What I am doing this week
- Continuing to complete my Appeals database App at work (This will be ongoing until completion)
- Software Engineering Update
- Moviri
Appeals
More holds on any more development. Again I was working on finalizing and provisioning everyone's workspaces. I first provisioned some instances to whom I thought would need the access immediately. Later in a quick meet-up with my boss's boss, I found out he wants all the same access mirrored from a list of AD groups. Well, after some investigating I will have to create 40 new accounts in AWS directory services. I have been trying to consolidate a good list as an excel document for each of the users, and their passwords. I think I will develop an AD script to bulk upload them from CSV.
I also had to work on getting the data ready for the SQL instance. I had to move a previously compressed data file for CHIA (Center for Health Information and Analysis) research. The dataset was over 700 gigabytes and I managed to compress it down to 97 gigabytes and send it off to AWS in around 12 hours using my work's internet connection. The other dataset I had to move up to AWS was a SQL database backup from 3-25. I used the same tool created by Amazon to push the data up and into Simple Storage Service (S3). The tool is written in python and called AWS CLI. Once it is set up it makes my life a hell of a lot easier.
I also got a second dataset from CHIA that is over 1.1 terabytes of data (1000 gigabytes). The encrypted drive they sent over is a pain in the ass to use. I think the problem is with windows because whenever the drive is not being used, windows puts it into a standby state. The problem is that this drive immediately locks when disconnected and this standby state is triggering that. I have had the drive kill my copy commands at different intervals of time making this a harder endeavor than I initially anticipated.
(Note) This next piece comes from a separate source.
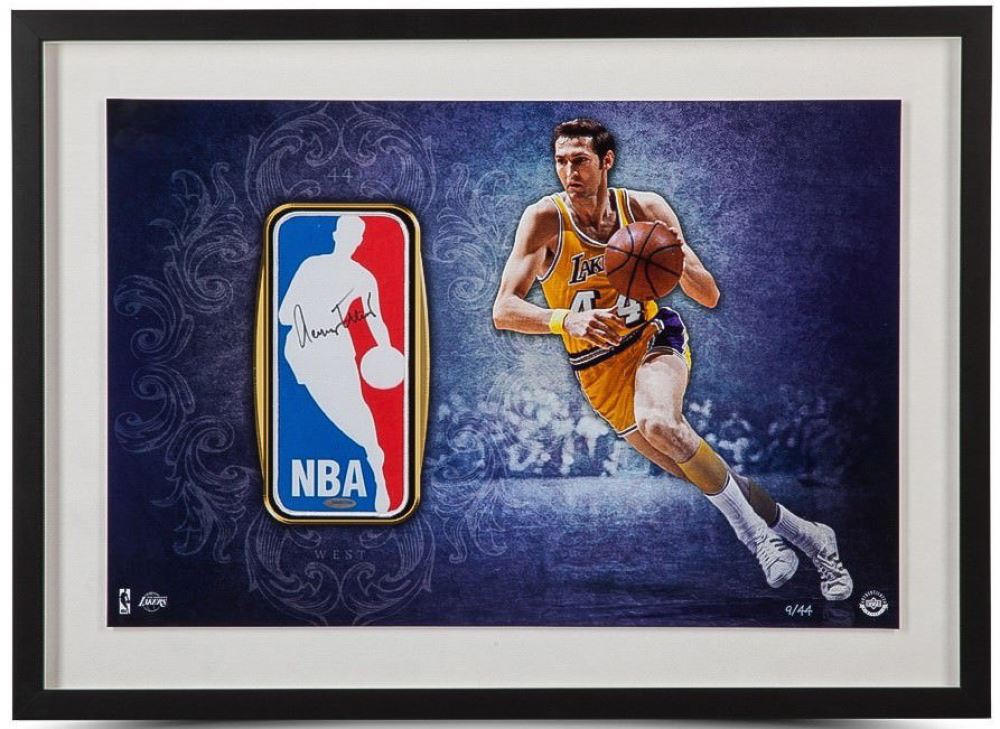Jerry West Signed 20 X 24 5 Custom Framed Nba Sticker Display Inscribed The Logo Psa Coa Pristine Auction

Anyways I have until next Thursday to get this copied and verified so I am not too worried.
Software Engineering
This week we focused heavily on deploying everyone's code to GitHub. For the database group, we didn't have much to contribute. I decided to use my time and push database documentation and queries for the other teams to reference and use. First I started by taking Tim's ERD and lab8 to build out SQL files that could be used for both MySQL if our team used a standard LAMP/MAMP/WAMP server to host their PHP files and I also wrote the same statements with compatibility with SQLite3 for easier development since you don't have to go through the hassle of creating database credentials. The SQL statements even included some dummy data for the teams to use so their code wasn't just pointing to an empty database. For even more easier access to a working database, I pushed a SQLite db to the database folder that had the same schema and dummy data as the SQL statements.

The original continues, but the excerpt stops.